7abt: Difference between revisions

Latest revision as of 15:06, 1 February 2024

Structure of PPIA in complex with PR dipeptide repeatStructure of PPIA in complex with PR dipeptide repeat

Structural highlights

7abt is a 2 chain structure with sequence from Homo sapiens. Full crystallographic information is available from OCA. For a guided tour on the structure components use FirstGlance.
Method:	X-ray diffraction, Resolution 1.31Å
Resources:	FirstGlance, OCA, PDBe, RCSB, PDBsum, ProSAT

Function

PPIA_HUMAN PPIases accelerate the folding of proteins. It catalyzes the cis-trans isomerization of proline imidic peptide bonds in oligopeptides.
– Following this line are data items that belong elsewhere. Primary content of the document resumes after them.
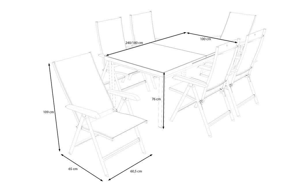Bei dieser Esstischgruppe treffen hochwertige Materialien und Design auf modernste Weise aufeinander. Das Set besteht aus einem innovativen Premium Ausziehtisch der Marke OUTFLEXX mit den Maßen von ca. 180/240 x 100 x 76 cm und 6 Klappstühlen der Marke Kettler aus der Serie 'BasicPlus'.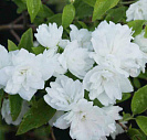 Цветет в июне-июле. Цветки белые, махровые, диаметром до 4 см, с приятным сладким ароматом.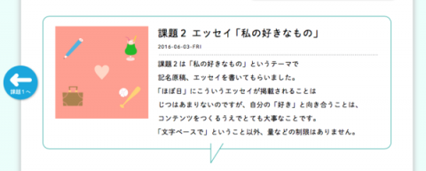 「私の好きなもの」。 本日更新のほぼ日の塾発表の広場、課題2は「私の好きなもの」というテーマの記名原稿、エッセイです。 前回は全員おなじテーマ (古賀史健さんと でも、今回のテーマはさまざまなので、メニュー画面もカラフルですよ。 例えば、カツサンド、ポルシェ、旅行、お父さん、アイドル、かわいかったあの子に夕焼けのピンク‥‥テーマも記事のまとめかたもほんとうに人それぞれな、43の記事が揃いました。 読み終えたらぜひ感想メールをお送りくださいね。 塾生さんひとりひとりにお送りします! そういえば先日の塾チームのミーティングのとき、 「私の好きなもの」という課題が出たら何について書く?という話をしたところ‥‥ 「ピーナッツ」。 「さくらちゃん!!(実家の犬)」。 「さだまさしさんかなあ」。 さいたえ(←顔アイコンがまだない) 「鳥ですね〜。いっぱい書けます!」。 4人共、即答でした。 いつか塾チームの書いた「好きなもの」も読んでみたいものだなあ。 2016/06/03 11:01 |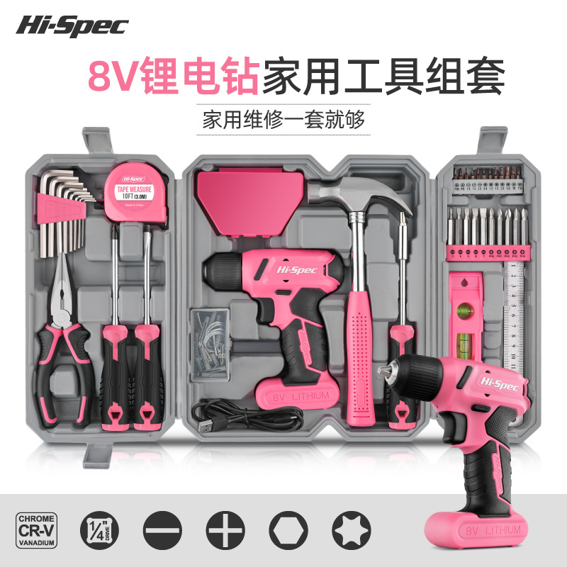 Hi-Spec obeng listrik isi ulang 8V, setelan bor pistol elektrik rumah tangga multifungsi merah muda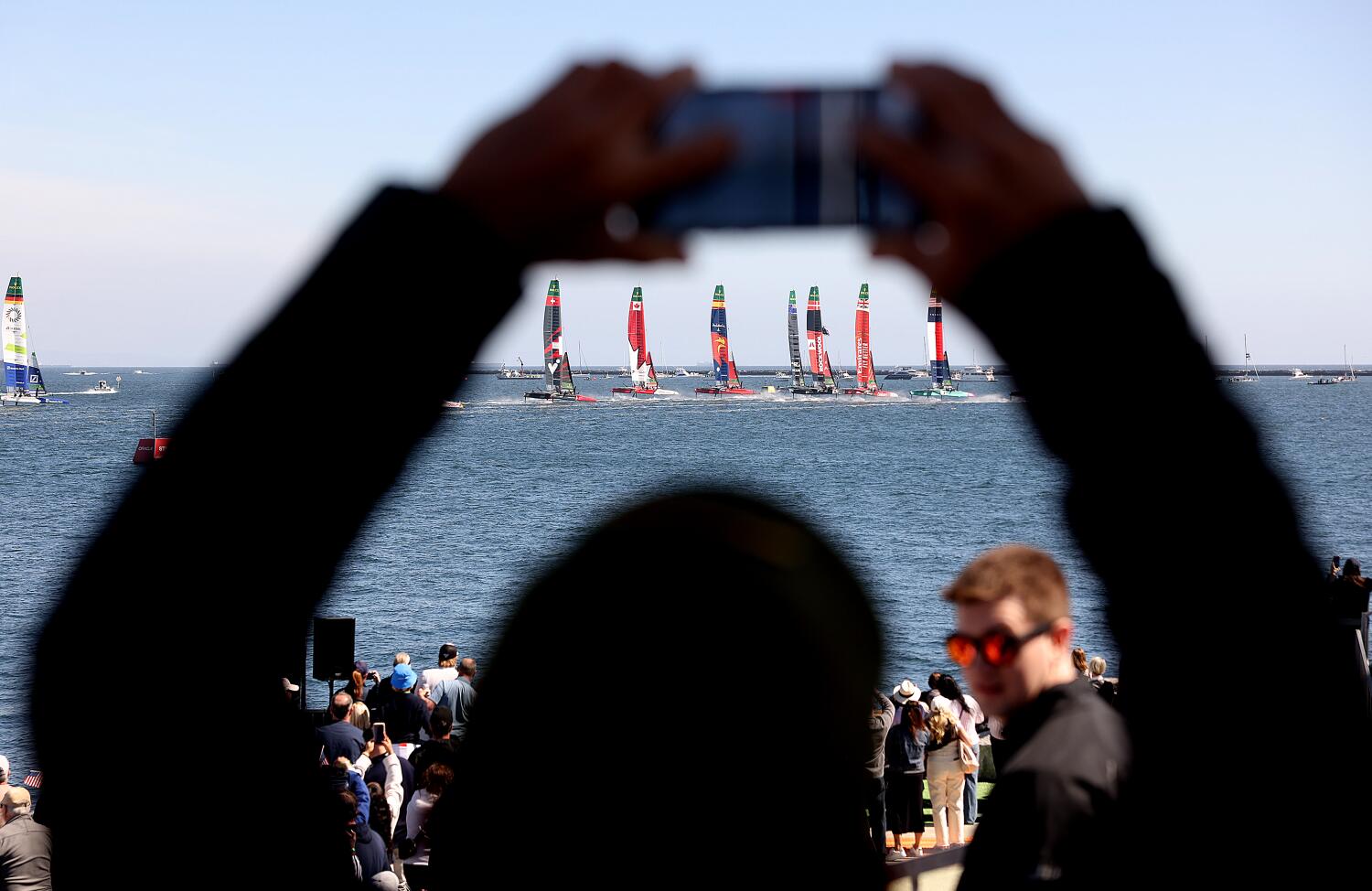 The race is reflected from San Diego’s Chris Bartolomeo glasses while watching the Rolex Los Angeles Sail Grand Prix during the race day.
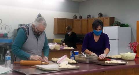 Jeannine Colstrom, Dee Davenport and Jan Ogleby filling up the dough with deliciousness.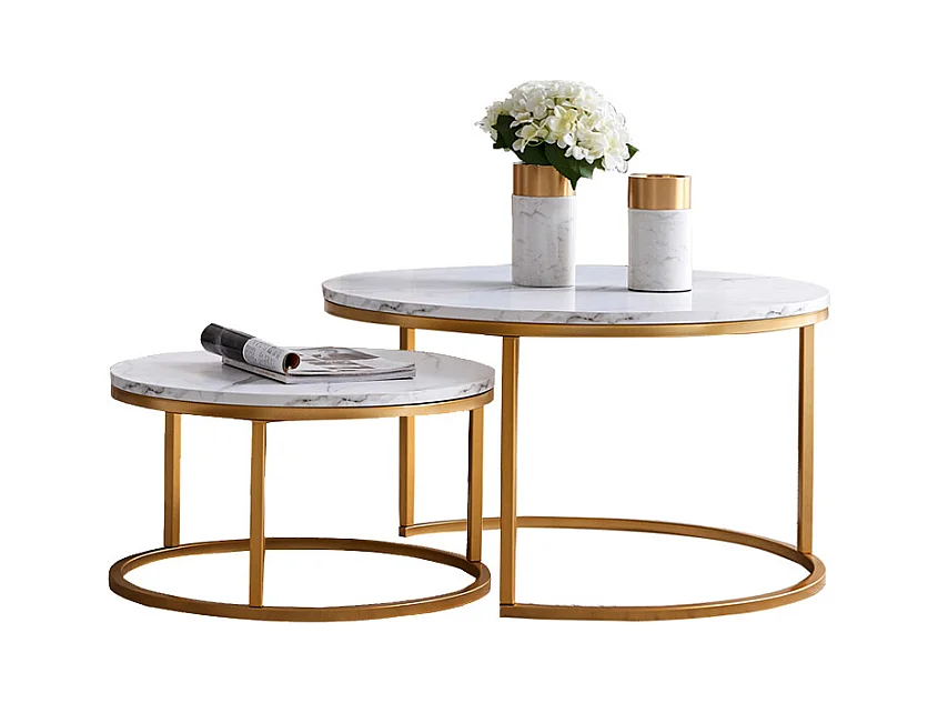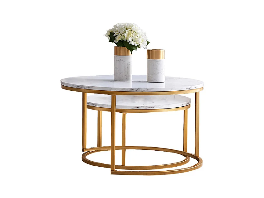 Lot de 2 tables basses gigognes modernes, structure en métal doré, plateau en marbre - 80 cm
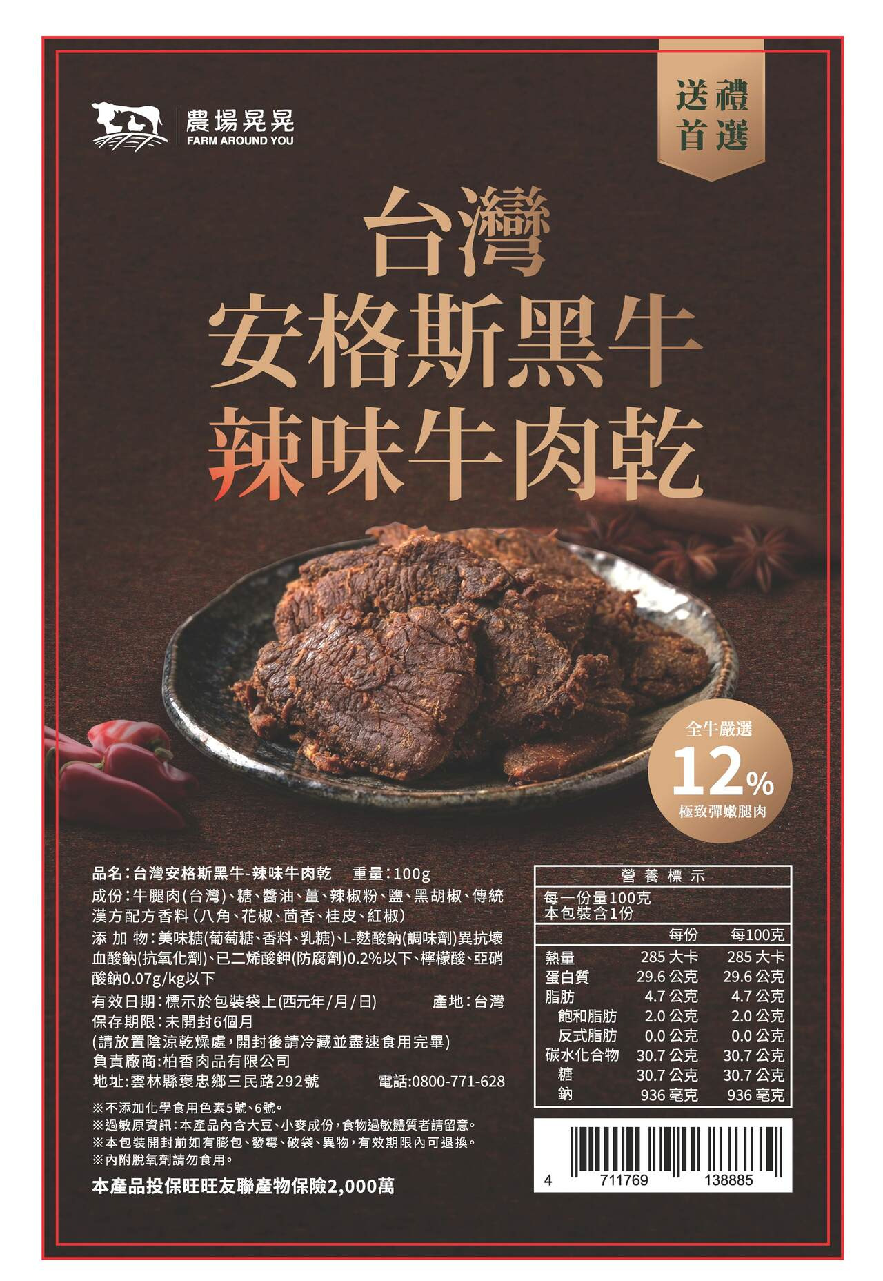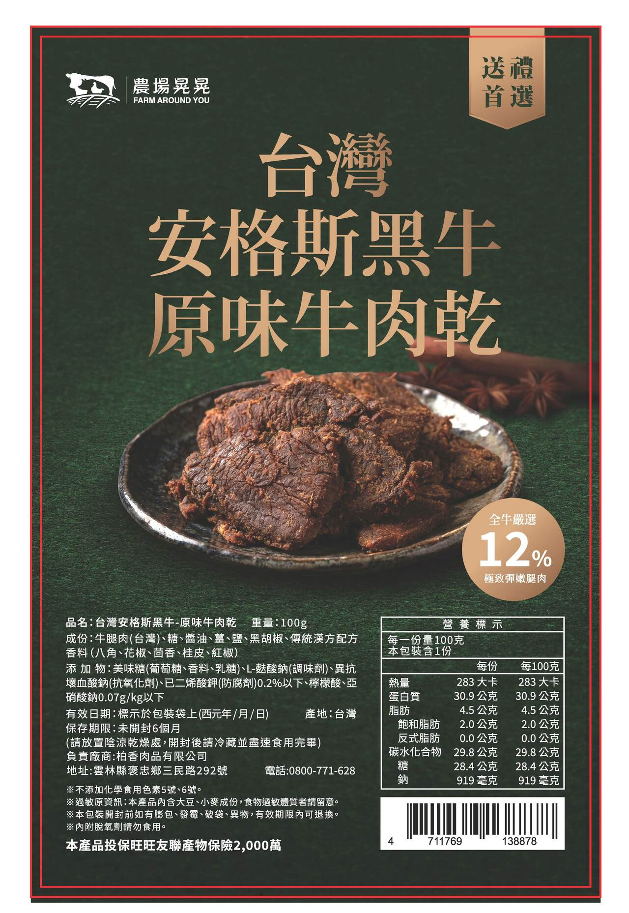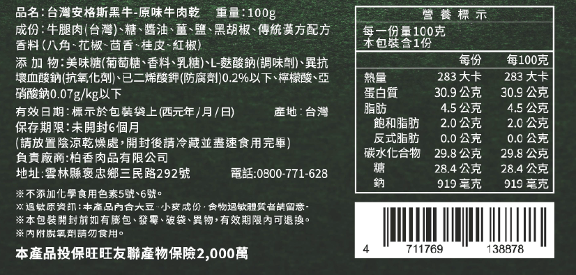 回到牛肉本身的純粹滋味 選用台灣在地飼養的安格斯黑牛,肉質細緻、油脂分布均勻。 我們只取適合製作牛肉乾的部位,經低溫慢烘,完整保留牛肉纖維與自然肉香,不以過多調味掩蓋風味,呈現最純粹、耐嚼卻不乾柴的口感。 這是一款為懂吃牛肉的人準備的原味牛肉乾。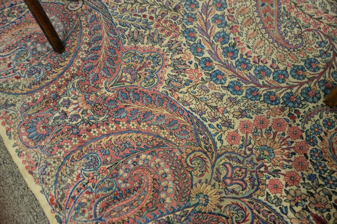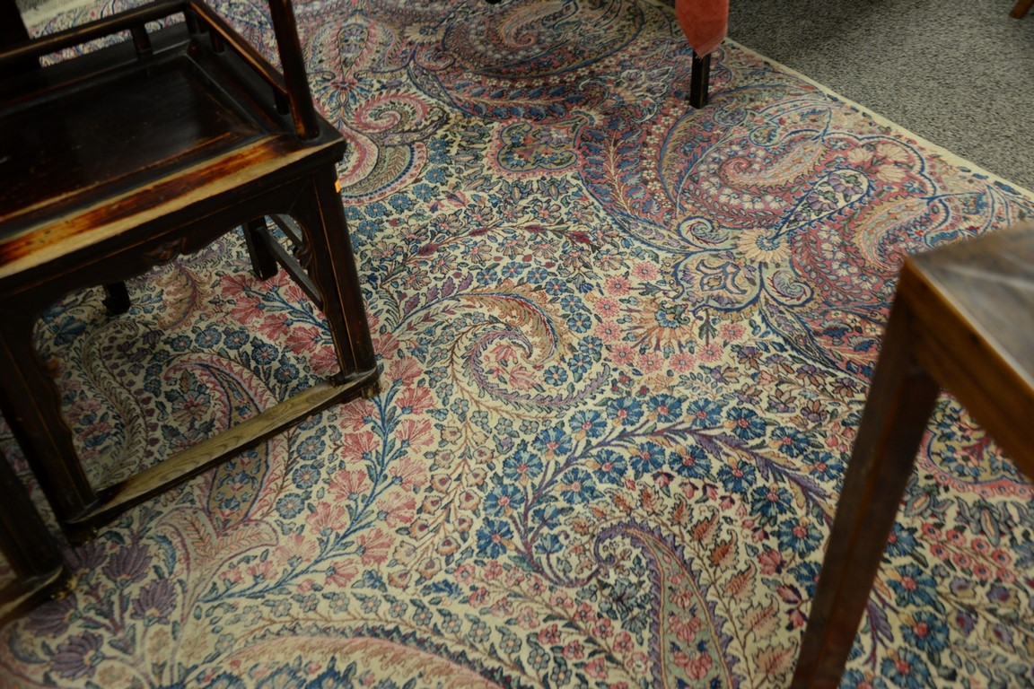 Kirman Oriental carpet some wear. 11’9 x 19’7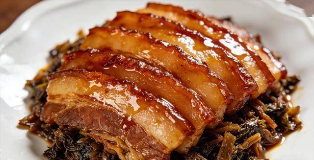 五花肉冷水下锅,加姜片、葱段、料酒煮 20 分钟,捞出沥干,用老抽涂抹均匀,晾干。锅中倒油烧至七成热,放入五花肉炸至表面金黄,捞出放入冷水中浸泡 10 分钟,方便切片。梅菜泡软洗净,切碎,锅中倒油炒香梅菜,加入生抽、盐调味,盛出备用。五花肉切成薄片,皮朝下码在碗中,铺上梅菜,加入冰糖、八角、桂皮、生抽、清水。蒸锅上汽后蒸 60 分钟,取出倒扣在盘中,即可食用。小贴士:炸五花肉时要注意安全,避免油溅出;蒸的时间越长,肉质越软烂入味。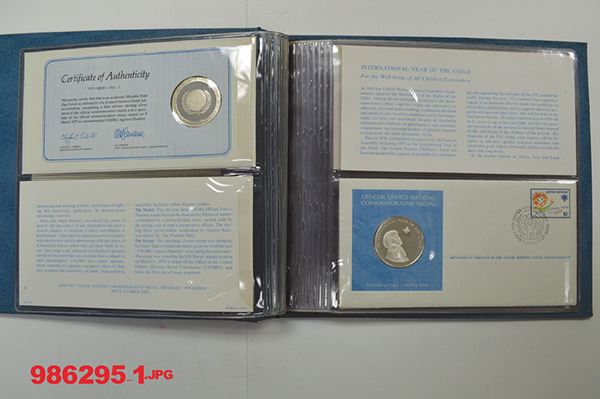 United Nations. Medals in First Day Covers. UNDRO; Vienna International Center; Namibia; International Court of Justice. Sterling Silver Proofs. 5 pieces.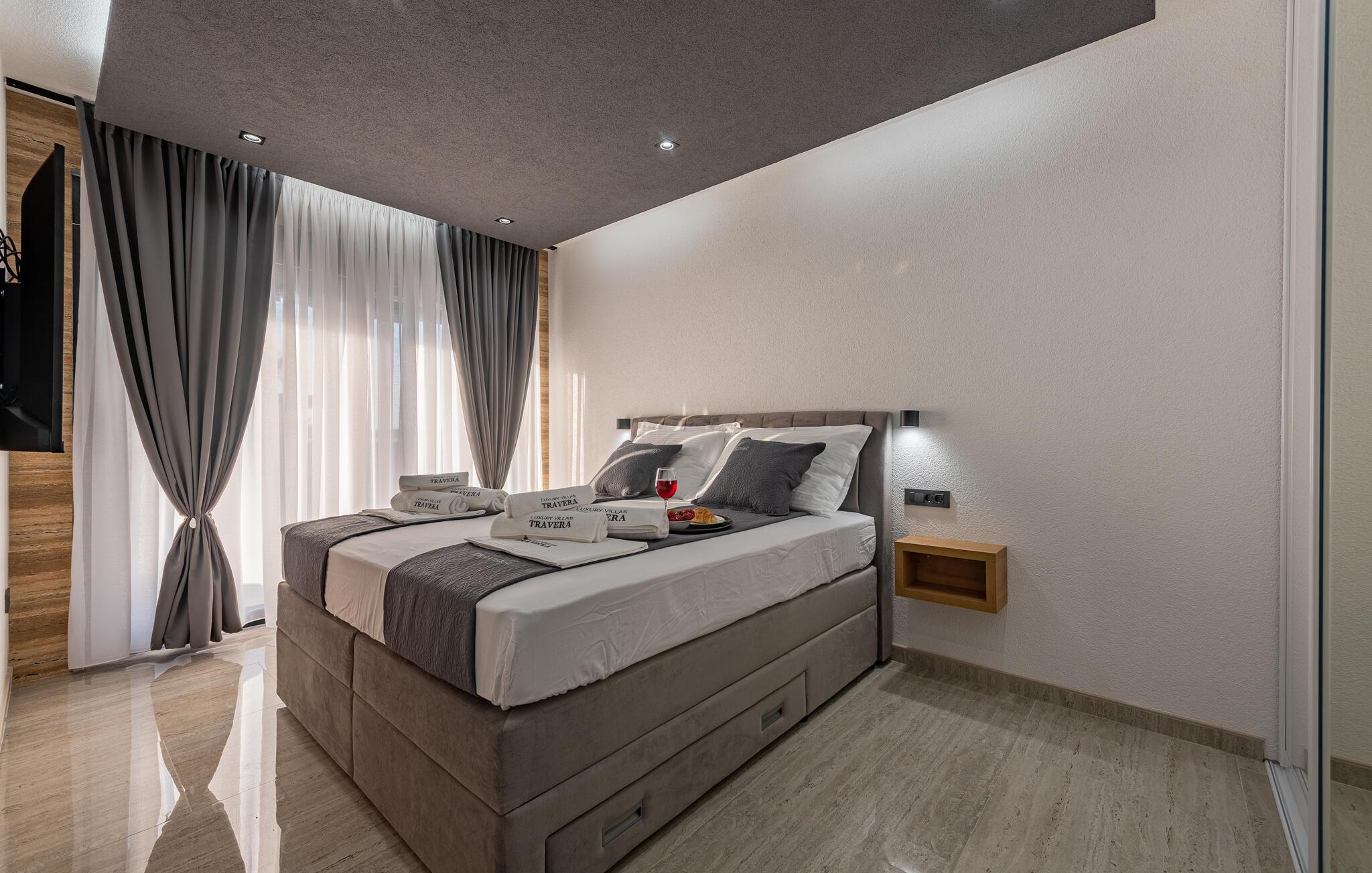Genießen Sie ein herrliches Meerespanorama Urlaub in diesem komfortablen Ferienhaus mit Pool und Whirlpool.

Publication Abstract from PubMed

Amyotrophic lateral sclerosis and frontotemporal dementia are two neurodegenerative diseases with overlapping clinical features and the pathological hallmark of cytoplasmic deposits of misfolded proteins. The most frequent cause of familial forms of these diseases is a hexanucleotide repeat expansion in the non-coding region of the C9ORF72 gene that is translated into dipeptide repeat polymers. Here we show that proline/arginine repeat polymers derail protein folding by sequestering molecular chaperones. We demonstrate that proline/arginine repeat polymers inhibit the folding catalyst activity of PPIA, an abundant molecular chaperone and prolyl isomerase in the brain that is altered in amyotrophic lateral sclerosis. NMR spectroscopy reveals that proline/arginine repeat polymers bind to the active site of PPIA. X-ray crystallography determines the atomic structure of a proline/arginine repeat polymer in complex with the prolyl isomerase and defines the molecular basis for the specificity of disease-associated proline/arginine polymer interactions. The combined data establish a toxic mechanism that is specific for proline/arginine dipeptide repeat polymers and leads to derailed protein homeostasis in C9orf72-associated neurodegenerative diseases.

Proline/arginine dipeptide repeat polymers derail protein folding in amyotrophic lateral sclerosis.,Babu M, Favretto F, de Opakua AI, Rankovic M, Becker S, Zweckstetter M Nat Commun. 2021 Jun 7;12(1):3396. doi: 10.1038/s41467-021-23691-y. PMID:34099711^[1]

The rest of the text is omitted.